Among the commercially available inhaler systems, ultrasonic nebulizers are frequently used for liquid formulations. The shearing provided during nebulization to convert the aqueous liposome dispersions into aerosol droplets may exert physical stress, causing drug leakage or changes in liposome morphology [28]. Lehofer et al. [29] investigated the impact of atomization techniques on the stability and transport efficiency of liposomes showing different surface characteristics. The authors found that conventional liposomes were the most stable, while polymer-coated and positively charged liposomes were more prone to aggregation and drug leakage.

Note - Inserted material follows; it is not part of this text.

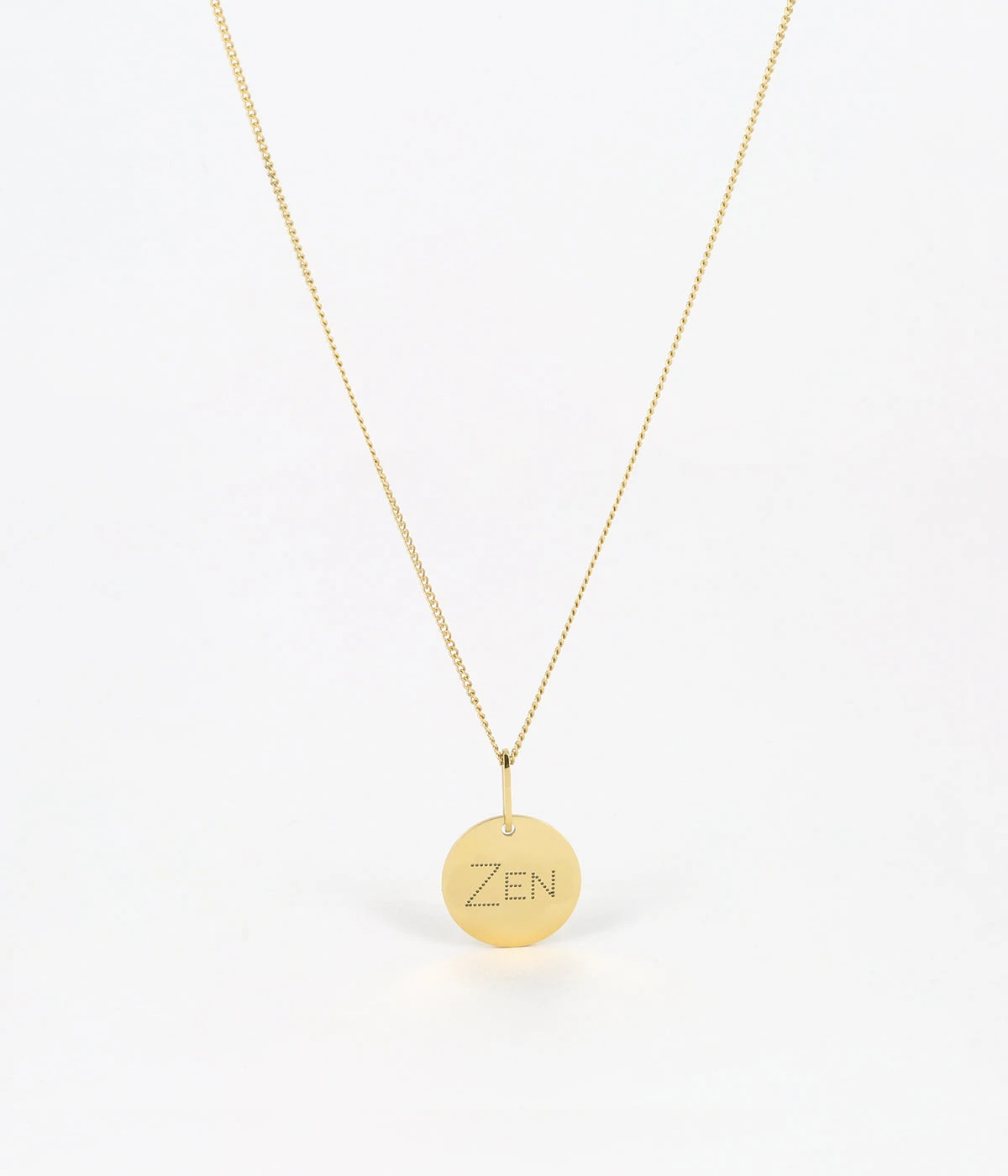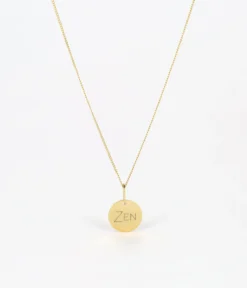 Collier chaĂźne en acier uni ou dorĂ© Ă lâor fin sur lequel une mĂ©daille gravĂ©e du mot « Zen » est attachĂ©e. La gravure est rĂ©alisĂ©e Ă la main dans nos ateliers et sa rĂ©alisation au petit point est pleine de dĂ©licatesse.
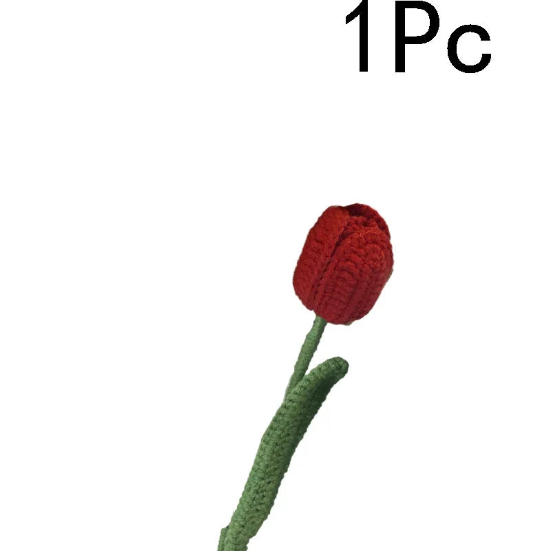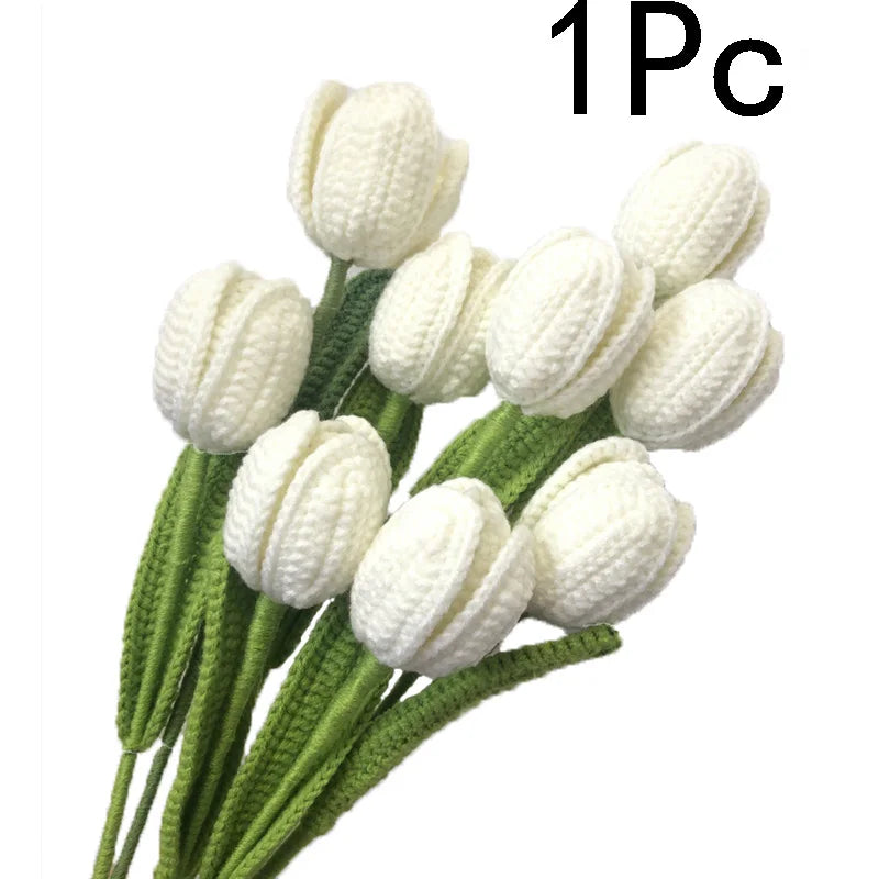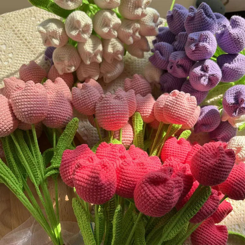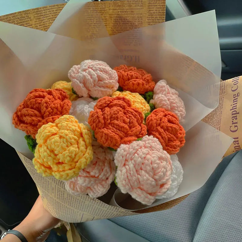 Knitted rose and tulip flower wedding bouquet. Handmade with care, elegant, and perfect for brides or romantic home décor accents.

Regardless of therapeutic aims, in most cases the methods used to prepare liposomes involve the use of organic solvents to obtain a lipid solution. From the original method of Banghan [30] to those based on simple or multiple emulsification [31,32,33], as well as modified ethanol injection methods [34], all require the use and later removal of an organic solvent. Little attention has been paid to solvent-free procedures, although high-pressure homogenization and supercritical fluid methods have been applied to prepare liposomes [35,36,37,38]. Sonication is used as an additional step to homogenize and reduce the size of previously formed liposomes, but recent studies have probed that the sonication of components, as a single step, is a procedure suitable for the preparation of liposomes [39].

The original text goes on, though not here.